##### DATA FOR PROCESSING #####

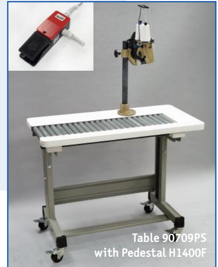
Table 90709PS with Pedestal H1400F

Movable table 90709PS with solid iron frame and formica table board 21¾"x41¾", height 36¾" (55x106cm, 92cm high). The table board is fitted with a roller-type conveyor.
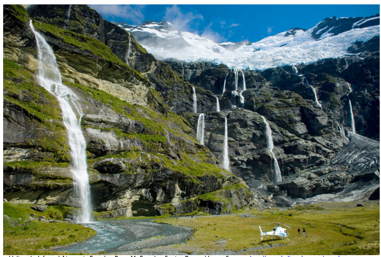
Heliworks Informal Airport in Earnslaw Burn, Mt Earnslaw Station Pastoral Lease.
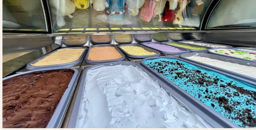
HEARTBREAK MELT'S GELATO
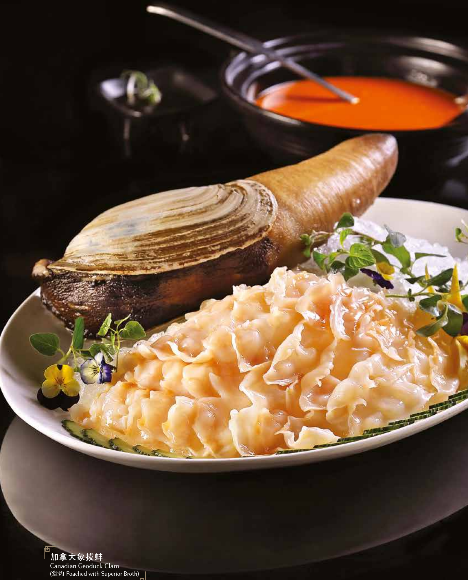
加拿大象拔蚌 Canadian Geoduck Clam (堂灼 Poached with Superior Broth)
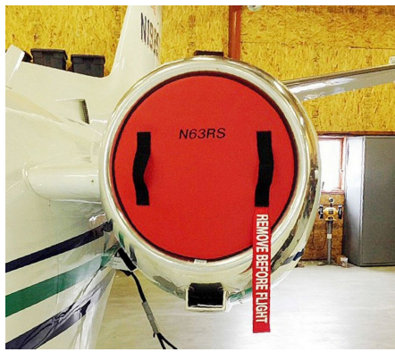
Cessna Citation S-550 Intake Plugs
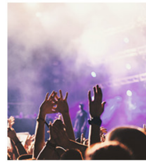
Artists, Athletes & Entertainers
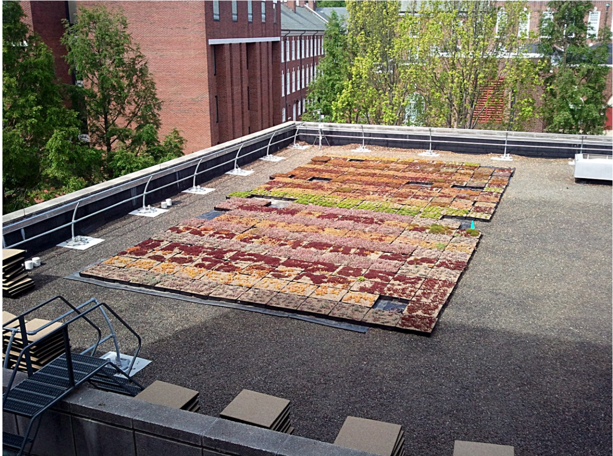
FIGURE 2: Green Roof, Colburn Hall, University of Delaware

note that urban forests can also be responsible for emissions in the form of pollutants emitted through urban tree maintenance activities or biogenic volatile organic compounds released directly from some species of trees (Jim and Chen, 2008; Dobbs et al, 2011). On average, however, green infrastructure offers a net reduction in atmospheric CO 2 .
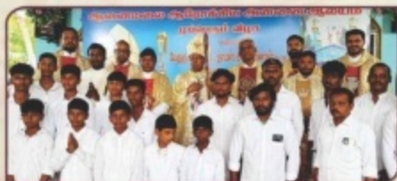
Sacraments of Holy Communion, Confirmation and Blessing of Grotto, Arokia Annai Church, Anamalai
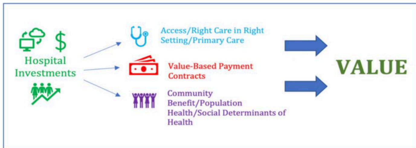
Figure 1. Delaware Hospitals' Investment in Value

To focus their community health improvement efforts, Delaware's hospitals undertake an evaluation process to identify the health needs of their communities. This Community Health Needs Assessment (CHNA) is conducted every three years and also includes an implementation plan containing strategies to help address these needs.
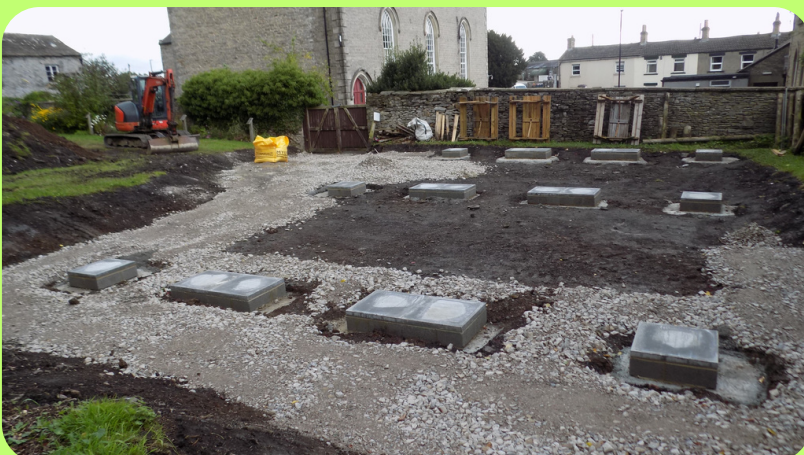
Pads in place
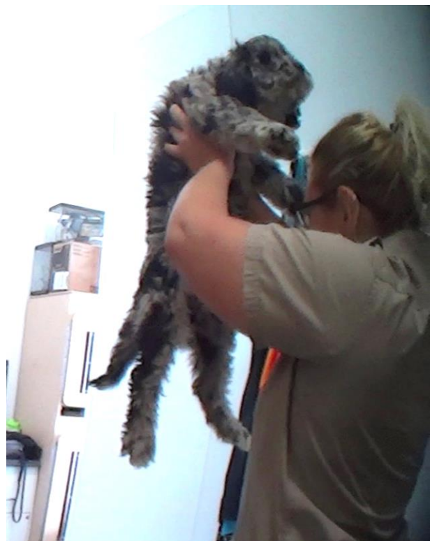
A merle goldendoodle puppy (later named Jasper) arrived at the store from an Ohio distributor on Sept. 26, 2019. He was underweight and suffered from frequent diarrhea for weeks, but Petland didn’t provide adequate care for his illness.

In fact, when an HSUS secret shopper purchased a puppy, whom we named Jasper, with obvious diarrhea on Oct. 25, 2019, a Petland manager assured our buyer that the puppy was healthy and that his diarrhea was simply due to stress. The manager told our puppy buyer on hidden camera, “this puppy has had diarrhea [but]
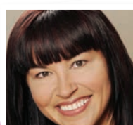
OTTAWA, ON - AUG 24 QUEBEC CITY, QC - SEPT 21 Chantal Petitclerc 21 Paralympic medals (including 14 gold medals), Chef de Mission for the Glasgow 2014 Commonwealth Games
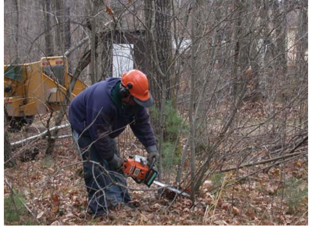
Keeping power lines clear of trees and brush helps to prevent unwanted nuisance outages, which cost the cooperative time, materials, and headaches.

When crews clear brush and trees from the right-of-way, they keep a 15-foot clearance on both sides of the line structure. Keeping proper clearance helps to prevent unnecessary blinks or outages. To help prevent future trimming and cutting, be careful when planting trees or large shrubs. Do not plant them under power lines, and be sure they will stay clear of power lines as they grow. If you have any questions about tree trimming, please call the Operations Department at 800-272-6188. ■
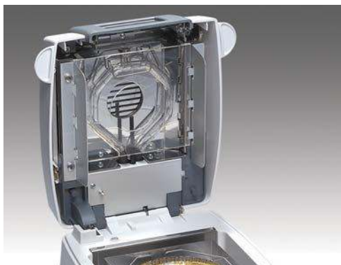
3 different radiation heat sources are optional
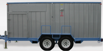
HDS-12 Indirect-Fired Heater
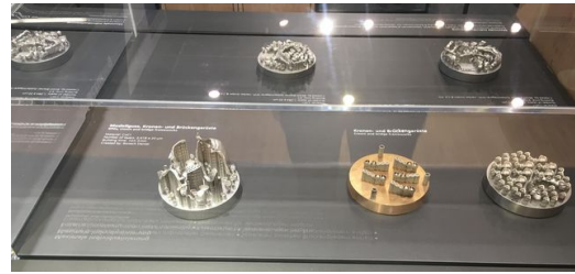
Substrate plates with 3D-printed dental prosthesis.
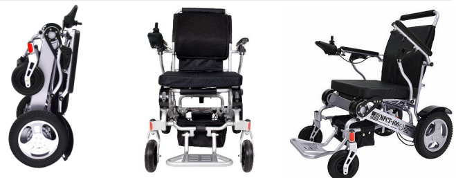
Eagle/Falcon Folding Power Chairs
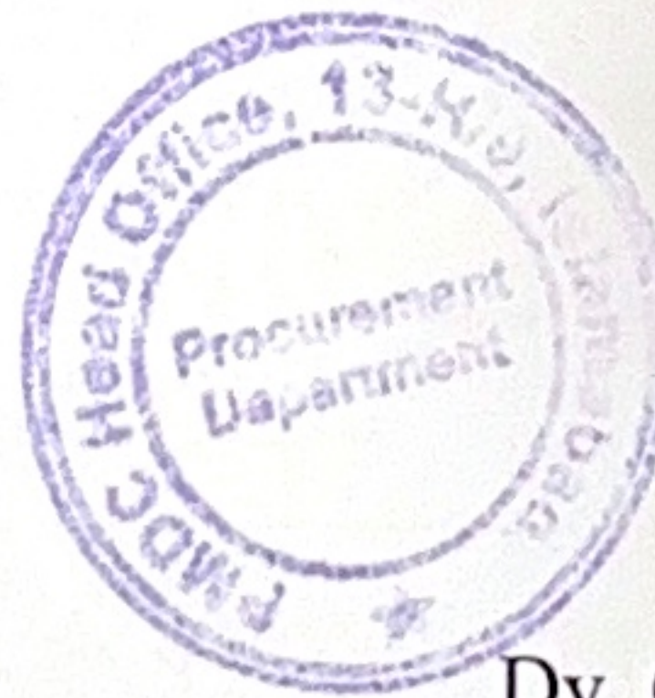
Dy. General Manager (Procurement) Phone: 051-9265128
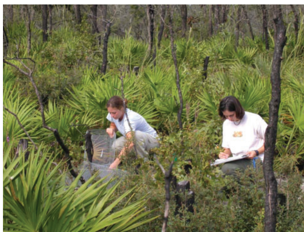
Fig. 1. Narrow central Florida scrub endemic Ziziphus celata , protected from herbivory by cages at an introduction site, being monitored for growth and survival. Introduced populations are being designed with propagules from multiple wild populations in order to overcome breeding-system limitations imposed by cross-incompatibility and limited genetic variation (Weekley et al. 2002).

A key qualitative measure of the ultimate fate of translocations is the ability of transplants to flower and set fruit, often considered a
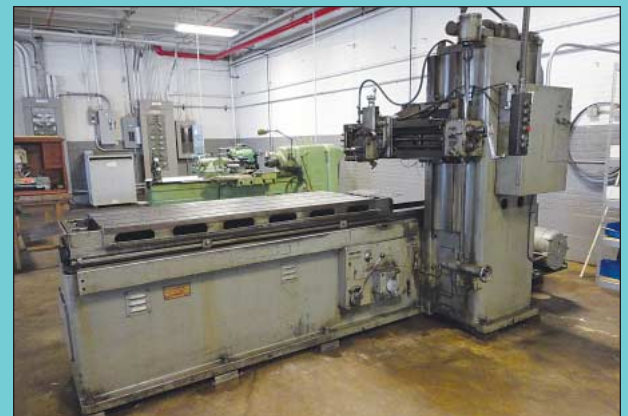
28" X 72" X 24"H Rockford Hydraulic Open Side Planer Mill
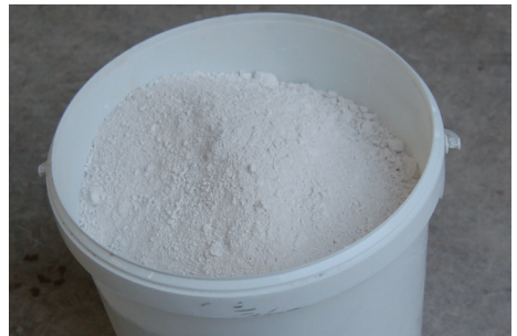
Fig. 4 Powdered quicklime.

#####

→ **TO DO**:
Across the records above, how many lines contain the word "brush"? Please give that number alone.

→ **SOLUTION**:
2